Иногда бывало, что покойник покидал привычное место у Эрбаля за ухом, отлучался из головы гвардейца и подолгу туда не возвращался. Видно, бродит где-то, ищет своего сына, думал гвардеец Эрбаль с легкой грустью, потому что с художником можно было, кроме всего прочего, еще и побеседовать ночью, в долгие часы дежурства. К тому же художник обучал его кой-чему. Например, растолковывал, почему труднее всего рисовать снег. Или море и поля. То есть большие пространства, которые выглядят одноцветными.
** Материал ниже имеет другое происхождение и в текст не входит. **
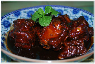 5、上桌时,在在排骨上加上几瓣薄荷叶,点缀一下,让绛红的排骨充满薄荷香。
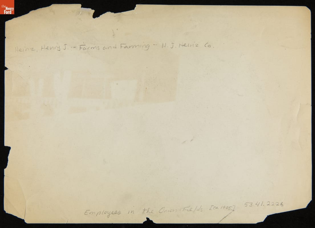 Entrepreneur H.J. Heinz recognized that producing high-quality products began with growing the best ingredients. He managed every aspect of the process from seed selection through harvest to ensure that only the best ingredients became Heinz pickled foods, preserves, and condiments. This photograph shows laborers -- boys and girls as well as men with walking cultivators -- wedding an onion field.
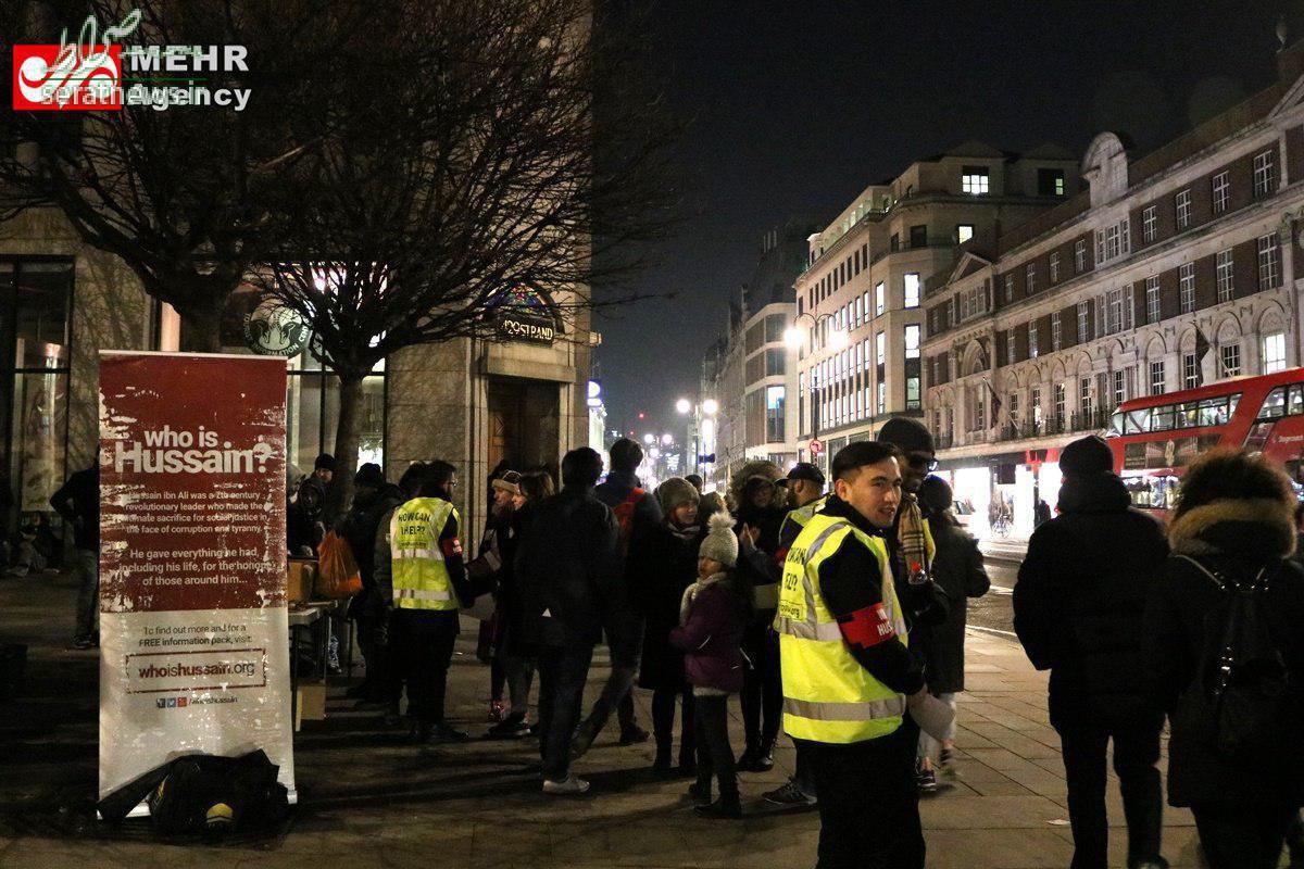 توزیع غذای نذری میان بیخانمانها و مردم در شهر لندن توسط کمپین «Who is Hussain»

Эскимосы, сказал ему художник, различают до сорока оттенков снега, до сорока типов белизны. Поэтому именно дети лучше всех рисуют море, поля и снег. Ведь снег может быть зеленым, а поле отсвечивать белым, как седины старого крестьянина.

А сами вы когда-нибудь рисовали снег?

Да, для театра. Для пьесы про людей-волков. Знаешь, довольно нарисовать посредине полотна волка, и считай, дело сделано. Черный волк – как живой уголек вдалеке; а если не волка, то хотя бы голое дерево – скажем, бук. Вроде как объявляешь: это снег – и готово. Больше ничего и не нужно! Театр – настоящее чудо!

То, что вы говорите, очень меня удивляет, сказал Эрбаль, почесывая редкую бороденку концом прицела своей винтовки. Отчего же?

Я думал, что раз вы художник, то для вас изображение важней любых слов.

Важно видеть – вот что важно. Сам прикинь, не случайно ведь говорят, что Гомер, первый писатель, был слеп.

А это означает, не без ехидства заметил Эрбаль, что видел он очень даже хорошо. Да, именно. Именно это и означает. Оба замолчали, следя за тем, как сумерки меняют декорации. Солнце скользило за гору Сан-Педро – к Пристани изгнания. А по другую сторону бухты маяк делал первые акварельные мазки, и они придавали еще больше выразительности той тягучей балладе, которую выпевало море.

Незадолго до смерти, сказал художник, и сказал это так, словно сам факт его смерти был чем-то посторонним и мало касался их обоих, я нарисовал вот этот самый пейзаж, на который теперь мы с тобой смотрим. Для театральной постановки «Песни моряков» в театре Росалии де Кастро. Хотелось бы мне его увидеть, сказал Эрбаль с вполне искренней учтивостью.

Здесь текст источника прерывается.